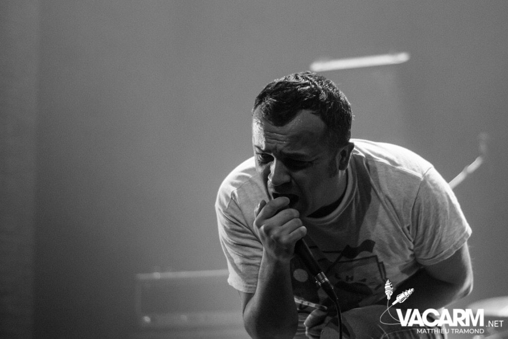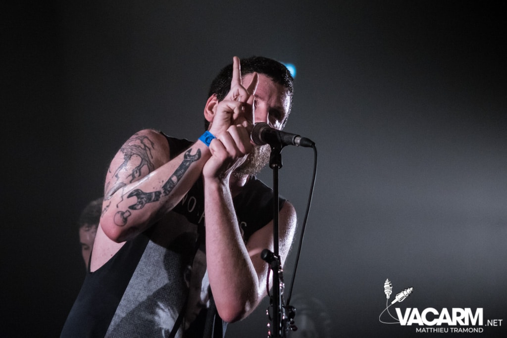 Un type à lunette, chemise bien rentré dans le pantalon, descend de la scène pour entamer le premier morceau qui sera le début d’un set hardcore foudroyant où l’énergie de Mss Frnce n’a d’équivalence que la durée extrêmement courte de leur album (le dernier opus lV dure précisément 9 minutes et 6 secondes !). Le groupe déclenchera les plus gros pogos de la soirée et même si la salle de l’Athanor est loin d’afficher complet ce soir, le public présent est aux anges.
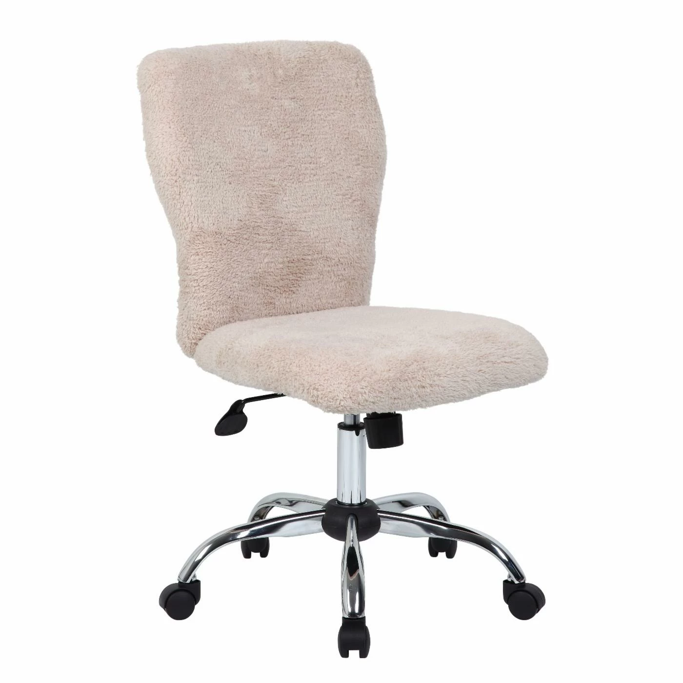 Keep cozy while you work with the Boss Tiffany Fur Chair- Cream. Adorable and plush, the chair functions like a high-quality office chair but features furry Sherpa upholstery in a soft cream color. But it’s not just for looks. It also features an upright locking position, an adjustable tilt tension control, and a gas lift for easy seat height adjustments. With a 25-inch chrome base, this chair also includes five hooded double wheel casters.
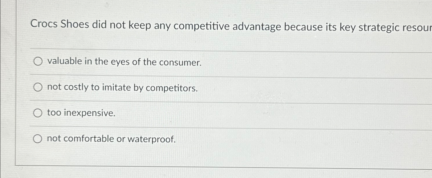 Solved Crocs Shoes did not keep any competitive advantage Chegg Very well made.
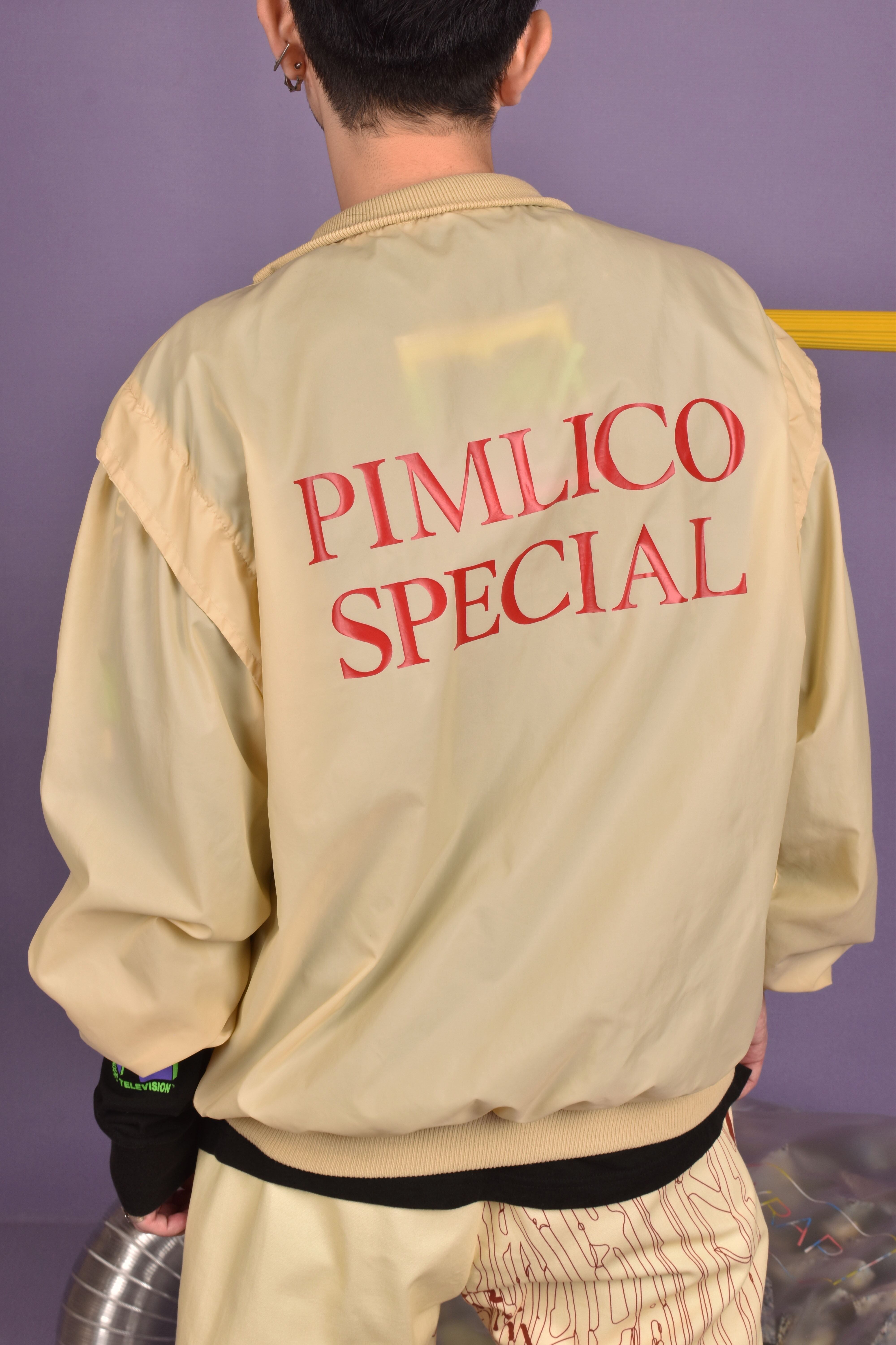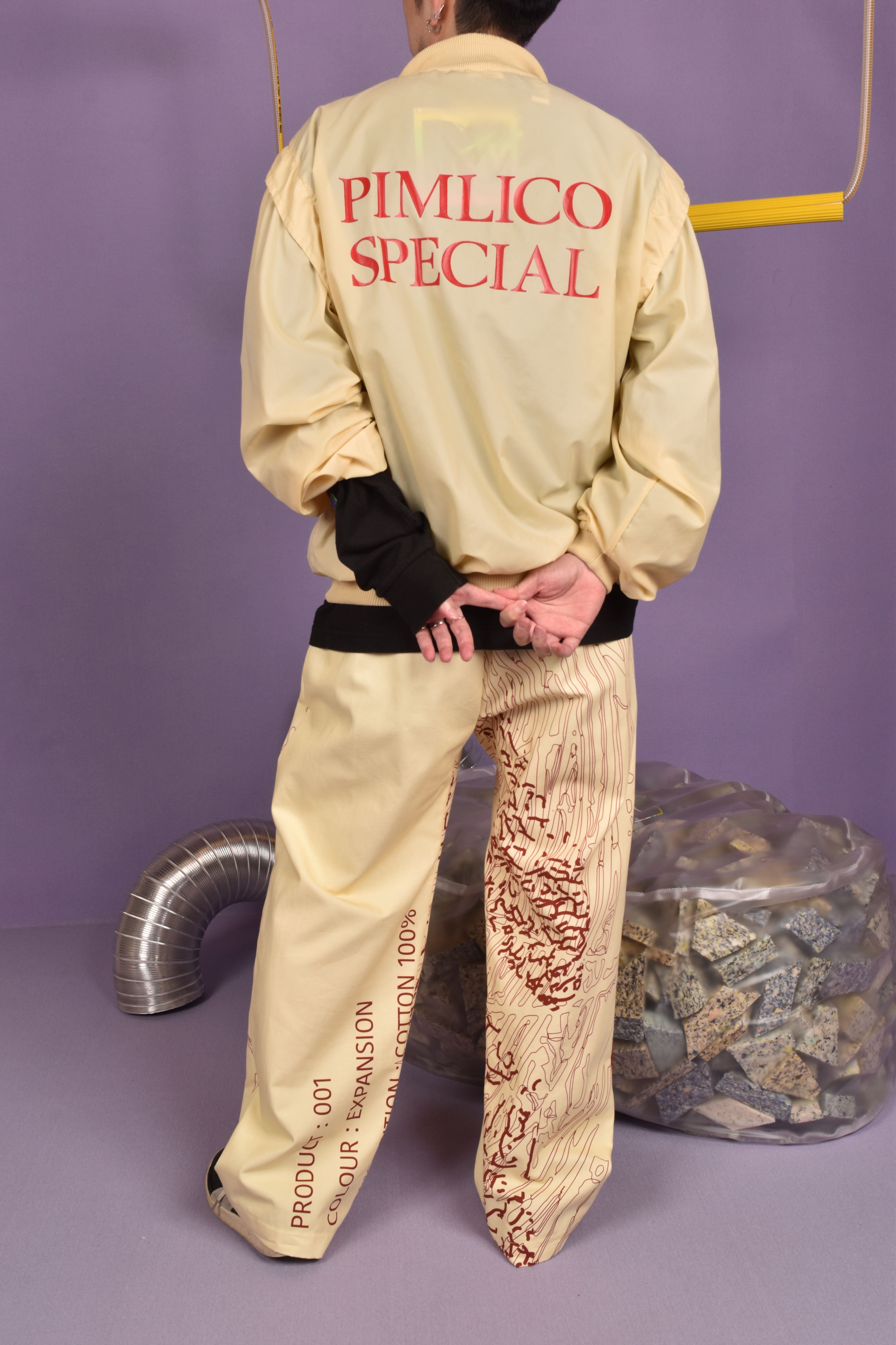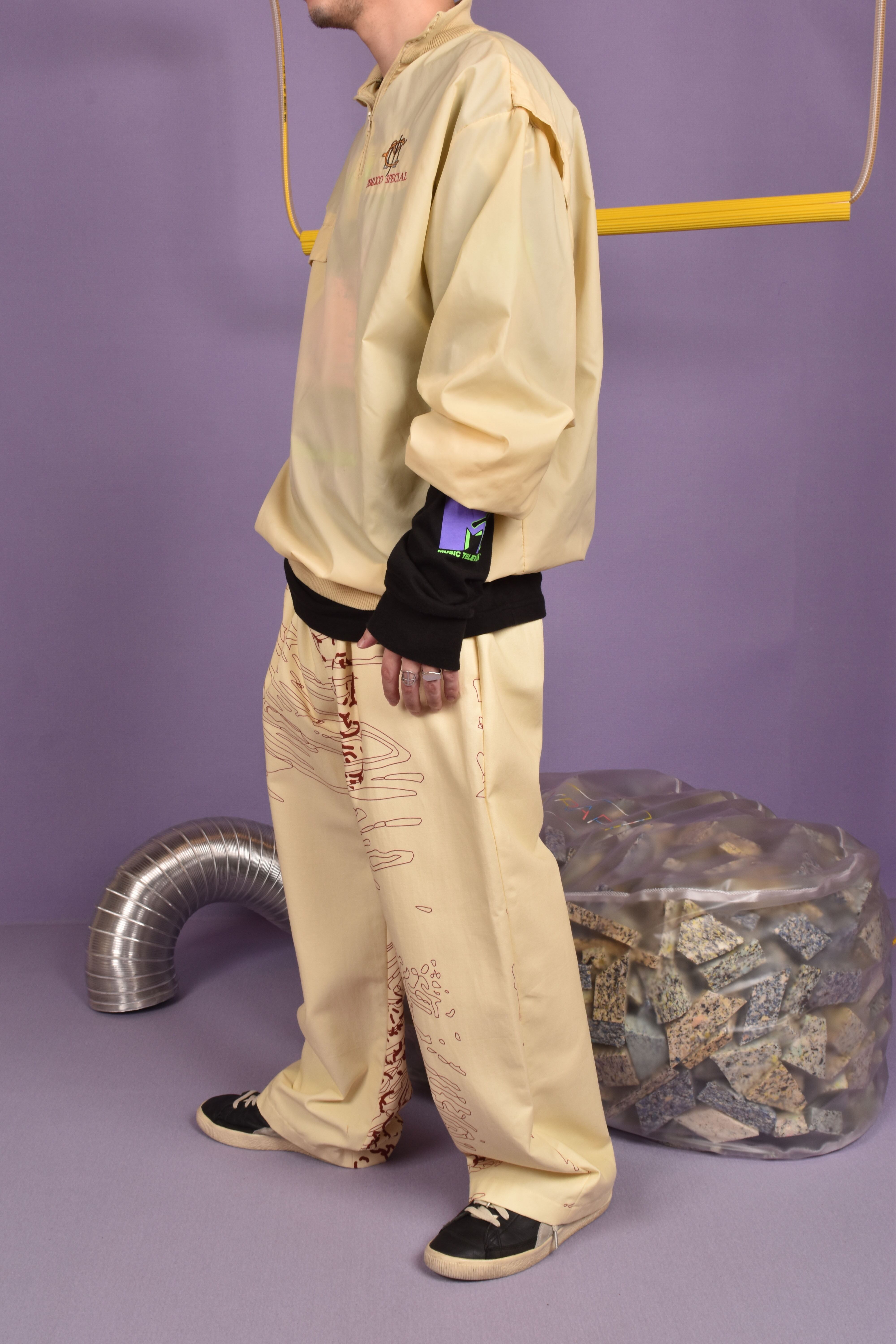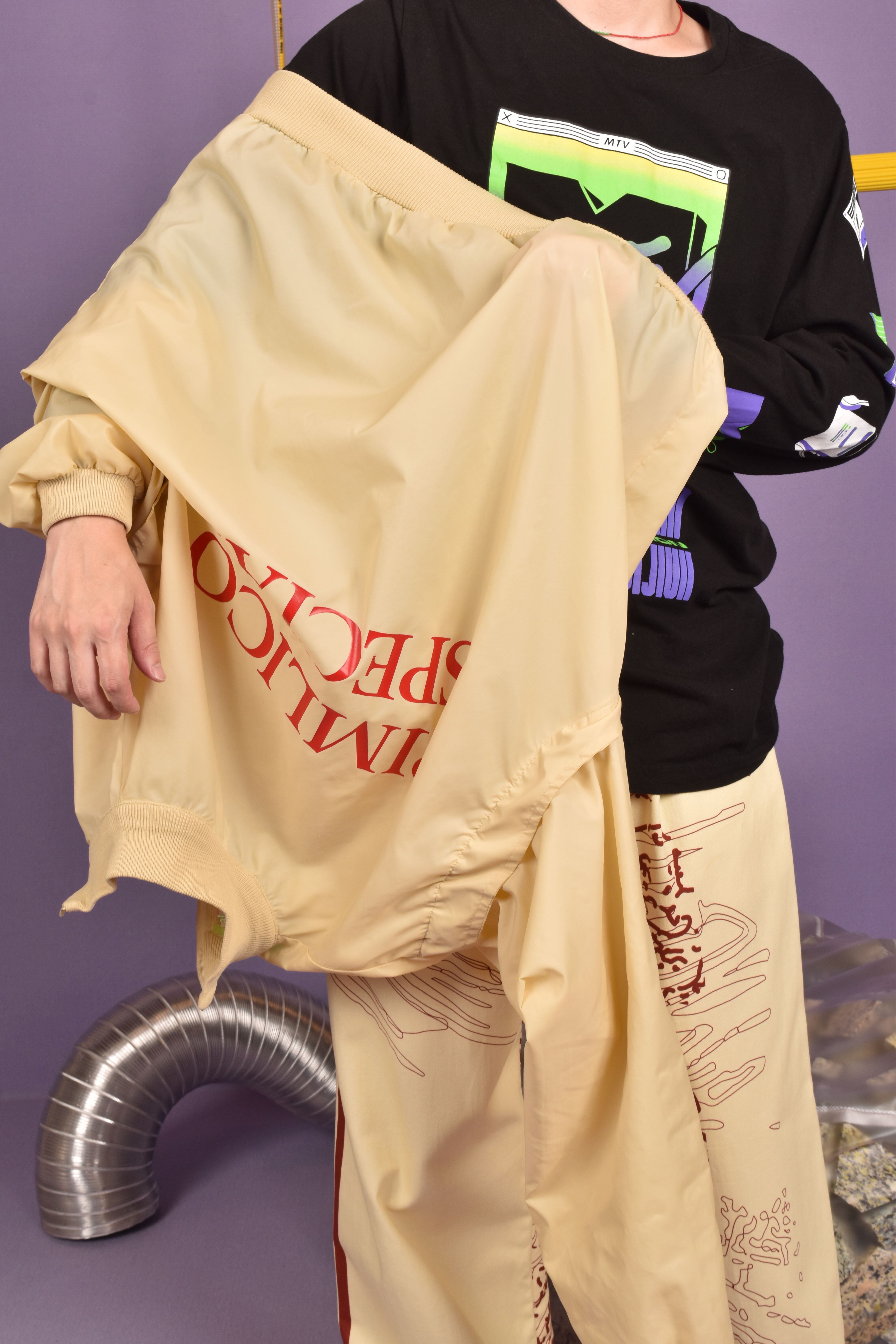 この時期使えるナイロン地のプルオーバー。まずライトイエローのボディカラーにレッドのバックプリントがめちゃめちゃいい。そして後ろ袖ぐりはタックの中にリブを使用し運動量を考えた仕様に。胸には刺繍とポケットを。高めのモックネックになっており、寒い日には防寒性もあります!機能性とデザインを兼ね備えた優れものです。
********
* **WHAT YOU WILL DO**
The data above must be reproduced exactly, without any of its pictures.

* **RESPONSE TO THIS EXERCISE**
 Un type à lunette, chemise bien rentré dans le pantalon, descend de la scène pour entamer le premier morceau qui sera le début d’un set hardcore foudroyant où l’énergie de Mss Frnce n’a d’équivalence que la durée extrêmement courte de leur album (le dernier opus lV dure précisément 9 minutes et 6 secondes !). Le groupe déclenchera les plus gros pogos de la soirée et même si la salle de l’Athanor est loin d’afficher complet ce soir, le public présent est aux anges.
 Keep cozy while you work with the Boss Tiffany Fur Chair- Cream. Adorable and plush, the chair functions like a high-quality office chair but features furry Sherpa upholstery in a soft cream color. But it’s not just for looks. It also features an upright locking position, an adjustable tilt tension control, and a gas lift for easy seat height adjustments. With a 25-inch chrome base, this chair also includes five hooded double wheel casters.
 Solved Crocs Shoes did not keep any competitive advantage Chegg Very well made.
 この時期使えるナイロン地のプルオーバー。まずライトイエローのボディカラーにレッドのバックプリントがめちゃめちゃいい。そして後ろ袖ぐりはタックの中にリブを使用し運動量を考えた仕様に。胸には刺繍とポケットを。高めのモックネックになっており、寒い日には防寒性もあります!機能性とデザインを兼ね備えた優れものです。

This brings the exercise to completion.